Closed LudvigOlsen closed 5 years ago
Fixed both of these.
Then found that you can use unique(as.matrix(data), MARGIN=2) to do a similar thing and test against current approach:
code:
`set.seed(1) df <- data.frame("participant" = factor(rep(c('1','2', '3', '4', '5', '6'), 3)), "age" = rep(c(25,65,34), 3), "diagnosis" = rep(c('a', 'b', 'a', 'a', 'b', 'b'), 3), "score" = c(34,23,54,23,56,76,43,56,76,42,54,1,5,76,34,76,23,65))
df <- df %>% dplyr::arrange(participant, score)
system.time({
df_folded_100reps <- fold(df, 3, num_col = 'score', num_fold_cols=100,max_iters = 100)
})
`
Current approach:
user system elapsed
16.939 0.266 17.310
Using unique: user system elapsed 247.794 4.186 253.402
So sticking to my own approach. One reason for the difference may be, that I only compare two columns once, while unique can compare two columns up to 100 times in the example.

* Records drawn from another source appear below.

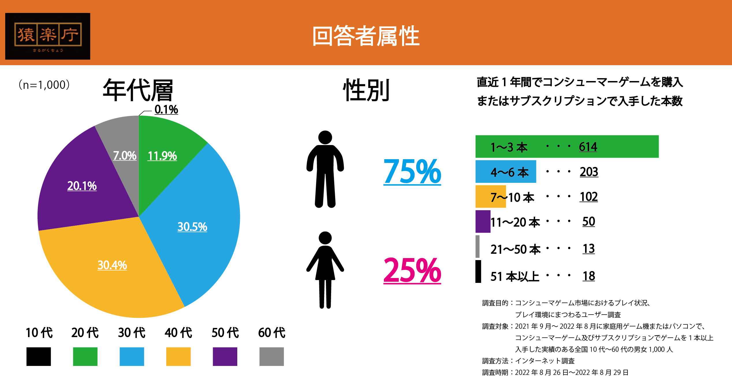 調査対象:2021年9月~2022年8月に家庭用ゲーム機またはパソコンで、コンシューマーゲーム及びサブスクリプションでゲームを1本以上入手した実績のある全国10代~60代の男女1000人
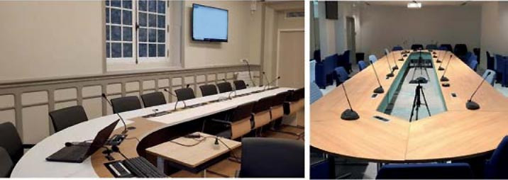 Faites votre choix parmi notre mobilier, nos conférenciers, nos écrans d’affichage, notre système de caméra d’enregistrement pour enregistrer et diffuser vos réunions à tout moment.
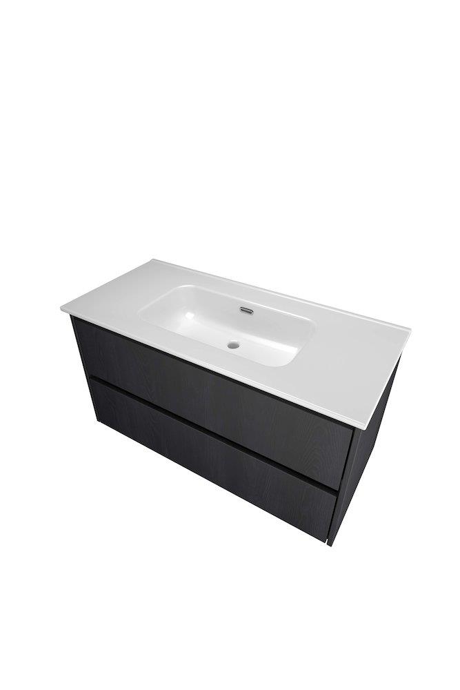 Sanibell Proline møbelsæt i sort eg, 101x46,8 cm. Inkl. skab med 2 softclose skuffer og porcelænsvask uden hanehul. Leveres i 2 kolli.
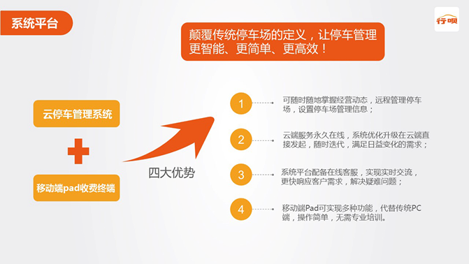 行呗停车,以云技术为平台,以支付方式为纽带,以电子卡券为扩展,诸多核心技术支持下,实现停车场扫码支付出场、云平台实现集中管理、电子卡券提升商业价 值,致力于打通线上线下使用场景,颠覆传统停车场的定义,让停车管理更智能、更简单、更高效!
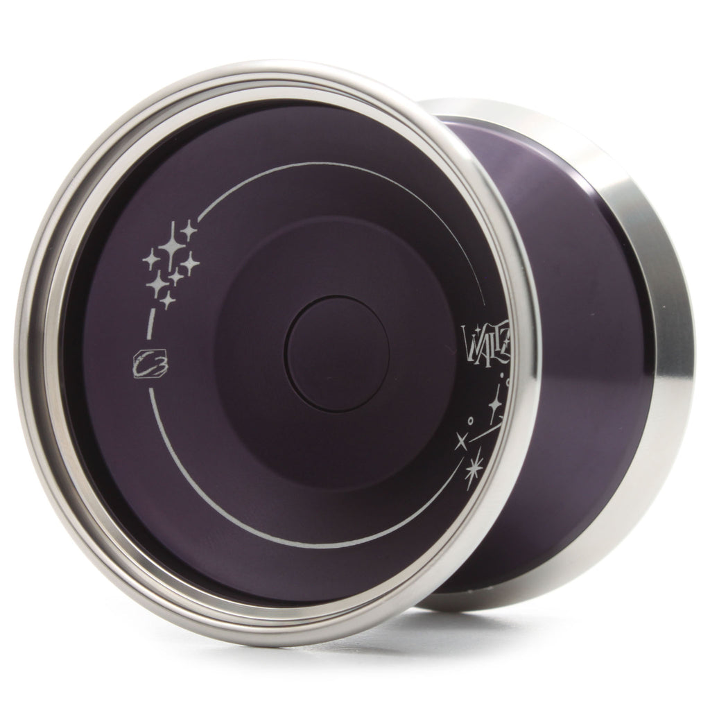 『ワルツ』は"バイメタル"と呼ばれる種類のヨーヨーで、中心に軽量な金属を、外周部に重量のある金属を配置することで、回転力とスリープ力をさらに向上させています。シンプルなシェイプで、ゆるやかなインバースラウンド(中心に凹んだ曲線)を描いており、高いバンプも相まって、ストリングがボディに触れないように工夫されています。これにより、長いスリープでトリックを最後までやりやすくする設計が施されています。
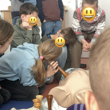 Mit großem Interesse hörten die Kinder mit Hilfe eines Pinard-Rohrs wie sich der Herzschlag eines Babys im Bauch der Mutter anhört: Wie ein gallopierendes Pferd – ein ganz besonderer Moment, der für viel Staunen sorgte. Auch wie sich ein Babybauch anfühlt, konnten sie selbst ausprobieren: Mit einem Babybauchsimulator zum Umschnallen erfuhren die Kinder, wie sich dieses zusätzliche Gewicht im Alltag anfühlt.
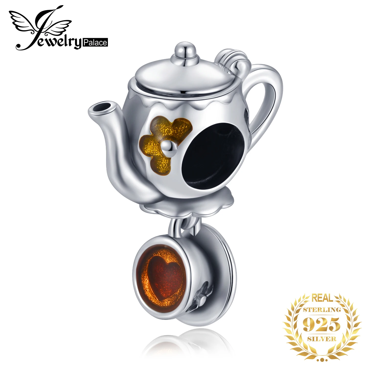 JewelryPalace коричневый эмаль цветок чай Комплект мотаться кофе чашку Шарм бисера Fit браслет 925 пробы Серебряный Новый Лидер продаж
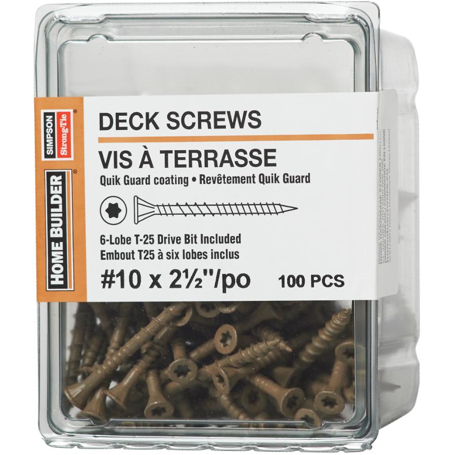Colour Family: BROWN Assembled Product Length: 2.5" Fastener Drive Type: TORX Fastener Diameter (Imperial): #10 Fastener Length (Imperial): 2.5" . Low-torque threads allows more screws to be driven on a battery charge • Ribbed head design countersinks easily and provides a clean, finished appearance • High-low tip provides fast starts • Optimized threads for dimensional lumber • Quik Guardcoating provides corrosion resistance for exterior and certain preservative-treated wood applications • Tan colour blends in with most woods • 100 pack • INCLUDES: T-25 6-lobe driver bit
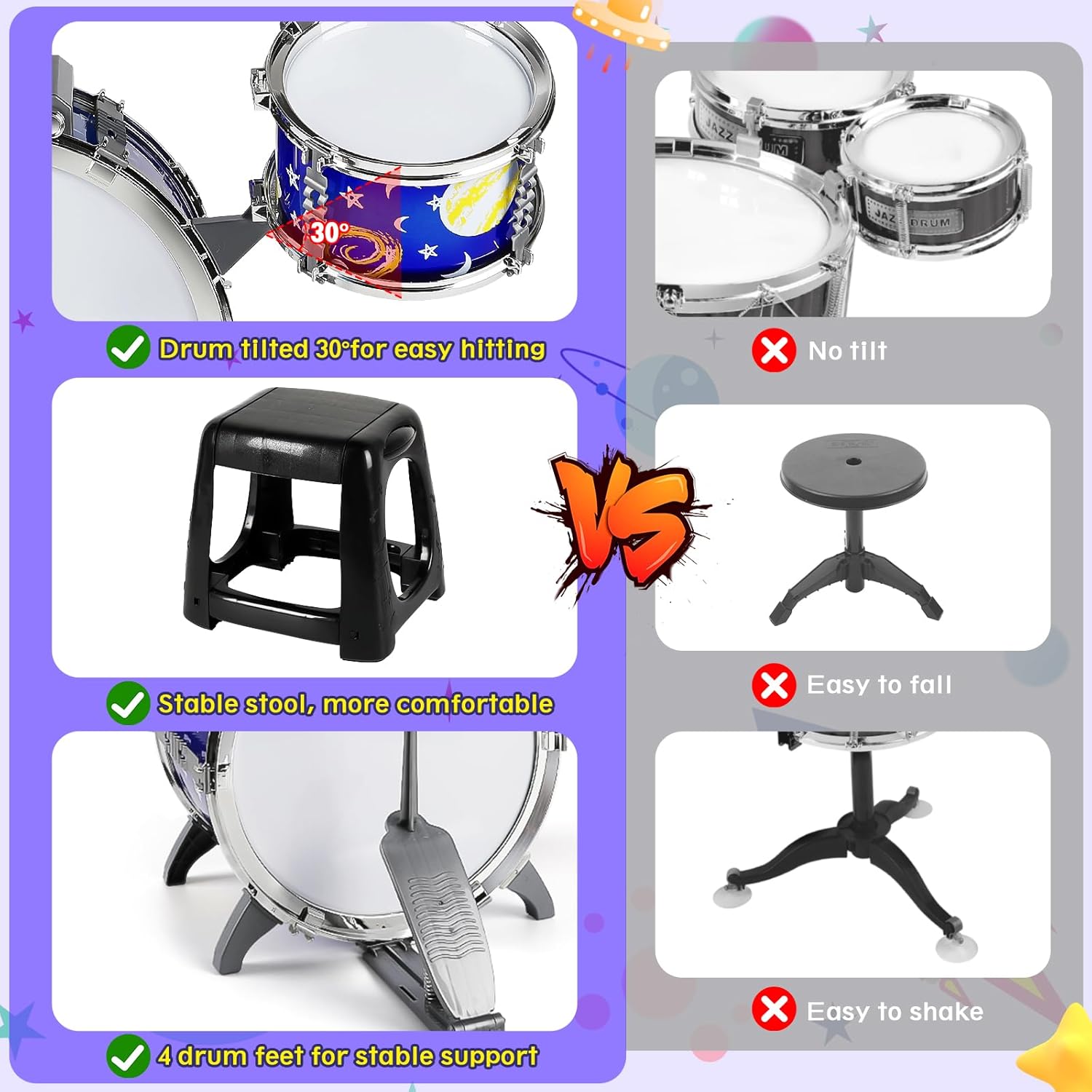 - Safe and Comfortable Design: This toddler drum set has a taller main stand and double-ply construction to prevent falling off. The drums are angled at 30° for easy play. All of this is designed to ensure stability and comfort for toddlers.

TODO for the new functionality (quick implementation) in fold(), intended for repeated cross-validation (repeatedCV branch):
When detecting identical fold columns it repeats column comparisons in secondary iterations. This is unnecessary. Also, create tests to see how this scales with bigger datasets.
For each iteration of creating new fold columns, it creates num_fold_cols columns. This was kind of a lazy implementation. Could perhaps save time by adding 1 or a few at a time.
Seems like there's room for improvement.